Great British Life: A collection of Maggie's workA collection of Maggie's work (Image: Archant)

So did moving to Somerset change her style of work?

“No, not at all but what Somerset has given me is it has compounded what I was doing. There were things in my head I was interested in but couldn’t see, such as boats. Here I can actually see the boats, just down the road. Moving here hasn’t changed my work but things that are closest to my heart are here.

“My spiritual life has always been important to me. Being in a place that has all the imagery I find inspirational – sea, boats, churches.”

Maggie, 71, shares a studio in two old coach houses in Nettlecombe with fiancé Matthew Ensor, also an artist, and the couple have lived together at their home in North Hill, Minehead, for eight years.

“Matthew’s style is very different to mine,” explains Maggie. “His work is quite surreal and I’m fascinated by what he does. He gains inspiration from things he collects at car boot sales and junk shops and uses a lot of collage, as well as being a sculptor and painter. He is giving people a lot to think about, he gives people a lot of depth.

“The base of my work is a balanced image and a clean image. I get my inspiration from my heart and my soul.”

Maggie has been a Quaker for some years and when the two get married next spring it will be a Quaker wedding at The Tythe Barn in Dunster. Although Matthew is not a Quaker he is sympathetic to Maggie’s beliefs.

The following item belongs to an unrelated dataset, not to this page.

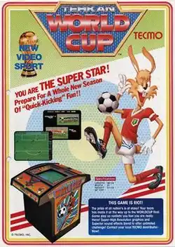 Tehkan World Cup,[c] originally released as World Cup[d] in Japan,[3] is an association football video game released to arcades in 1985 by Tehkan, the former name of Tecmo. It features multiplayer gameplay and trackball controllers.[4] It was released in both upright and table arcade cabinets,[1] but was most commonly released in a cocktail cabinet form factor.[4] Its arrival coincided with the buildup to the 1986 FIFA World Cup. It featured the then colors of several of the world's top teams such as West Germany, Argentina and Brazil, although it did not mention any team by name.[4]

“There’s a lot about my work that’s related to the Quaker way of life,” says Maggie. “When we have our meetings it’s about sitting quietly and waiting for what might come to you out of your heart or your head and you can say what you feel if you think it will be of use to people in the circle with you. It’s a beautiful thing and I hope my work gives people this calm image and ability to find that in themselves.”

Great British Life: Maggie King's Mama sculptureMaggie King's Mama sculpture (Image: Archant)

Maggie came to art later on in her life after her daughters – Elizabeth, now 47, and Alison, now 45 - were in their teens.

“I was a secretary until I married and then I had children and stopped work. When they were teenagers I then started to go to adult education classes and started making clay models and my tutor told me I was doing very well. I thoroughly enjoyed it. Another class had stone and I wanted to try it so I got a mallet and chisel and started and found I couldn’t stop. I loved it.

“But then I got a repetitive strain injury so I had to stop that and joined a school of art a couple of days a week.”

After studying at the Sir John Cass School of Art in London, Maggie started teaching carving but decided she needed more tuition so completed a degree at West Surrey College of Art & Design. It was around this time in her life that she got divorced, a move which she believes led to her central theme of calm and silence in her work.

She explains: “I started to find silence very important. My husband left and the children were grown and left home and I found the silence frightening at first but it became something meaningful.”

As well as exhibiting in London and Surrey, Maggie has exhibited at a number of local galleries, most notably at The Court Gallery in West Quantoxhead, where some of her most recent work is on display.

She is now experimenting with some new ideas and is currently gaining her influence from African masks and Aboriginal sculpture, looking at their earthy quality and experimenting with wrapping objects in string. “I am just investigating it at the moment. When you wrap something it’s like taking care of it.”